39:33 - So how about we do this in a little less arbitrary way. Oh yeah, and avoid double dipping. I’ve also seen people do things, like, actually, I’ve seen Trevor do it. Any day, any month, any annual. Are those independent pieces of information? No. He’s put in the same data three times as three different constraints. I love Trevor but I don’t always agree with all of his choices.

40:05 - But he’s not the only one who’s done that, I’ve seen lots of people do this. This animation is kind of meant to give an example of something I think is intuitive to a lot of people, which is when we have high frequency automated measurements that may make thousands and thousands of observations per year, it doesn’t actually mean that we have thousands and thousands of pieces of information. Here I am starting with a full data set that’s not thinned, and I’m thinning it by half each time, and I’m looking at how the autocorrelation changes and you can also just visually look and see that when I first did this initially, I’m not actually losing much information, even though I’m halfing the sample size every single time. So, the point there is when we put in a high frequency automated measurements in space or time and we ignore our auto correlation we’re giving them too much weight, partly because the observations are not independent. So here, for that simple simulated example, I’m actually plotting log number of observations, log autocorrelation, and saying that there’s just a strong trade off between how as I’m fitting, how the autocorrelation is changing, such that the effective sample size in the data does not change nearly as quickly as the reduction.

41:44 - In some sense, it’s the the effective sample size that’s closer to a real measure of the information contribution of a data set. I guess the point there is treat the uncertainties in data appropriately when you try to combine multiple pieces of information. Things like when you have repeated measures data include the fact that it is repeated measures data. If you ignore the autocorrelation in space and time you will give a lot of these automated data sets much more weight than they deserve. If you treat each observation as independent you’re really inflating it.
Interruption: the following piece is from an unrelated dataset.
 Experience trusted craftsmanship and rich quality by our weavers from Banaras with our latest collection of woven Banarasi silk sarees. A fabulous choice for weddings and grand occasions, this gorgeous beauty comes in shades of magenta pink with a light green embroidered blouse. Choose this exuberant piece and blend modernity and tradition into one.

42:22 - That’s one of the reasons that these automated measurements can swamp other measurements because if done naively we can treat as independent and inflate their importance. The other thing that we can think about is when someone goes out and puts a flux tower up or puts any other sort of automated measurement up, and I do have data loggers running out lots of places, I usually put out one sensor. I may have a lot of time series information, but I have sample size of one. So at the the same time, if you think about it, if I have sampling uncertainty, how do we even estimate my sampling uncertainty if I only take one sample? That’s another thing that’s interesting, again, it effects why he need to think about the uncertainty in these sorts of measurements appropriately. So if you have high temporal resolution information that’s unreplicated, how do you deal with the fact that you don’t know its replication? In fact if you believe that there’s some overall mean that you’re sampling from and you don’t know where you’ve drawn from that distribution, where you happen to set up your data logger, you can essentially treat that as a bias.
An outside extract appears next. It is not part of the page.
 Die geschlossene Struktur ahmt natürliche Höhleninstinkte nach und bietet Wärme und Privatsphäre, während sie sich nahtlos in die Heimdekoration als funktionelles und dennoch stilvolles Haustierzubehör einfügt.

43:42 - So, think about it this way, if I had unlimited money and I set up a dozen flux towers I could get a could get a good estimate of their sample mean and their variability and it’s really that overall landscape mean that I’m interested in. If I happened to have put up that tower then all of the information I’m collecting at that tower has some bias associated with it and I don’t know what bias is because I don’t have any sampling. If I have any way of estimating that sampling uncertainty, I sure as heck should put an informative prior on it. If I have an uninformed prior, essentially, the whole thing blows up. I’ve never even tried that. But, in some sense, that’s something that you would want to think about.

44:42 - How do you account for that? And then the other thing I want to focus more on for the rest of this lecture is systematic errors. This gives kind of a hint of it. By chance I’ve set up some place that’s slightly different than average but every place I’ve set up is slightly different from average. But, there’s also lots of measurement techniques out there that are, themselves, have some errors associated with them. The important thing about systematic errors is they don’t average out. So we talked about if you treat data independently, it over-inflates its information.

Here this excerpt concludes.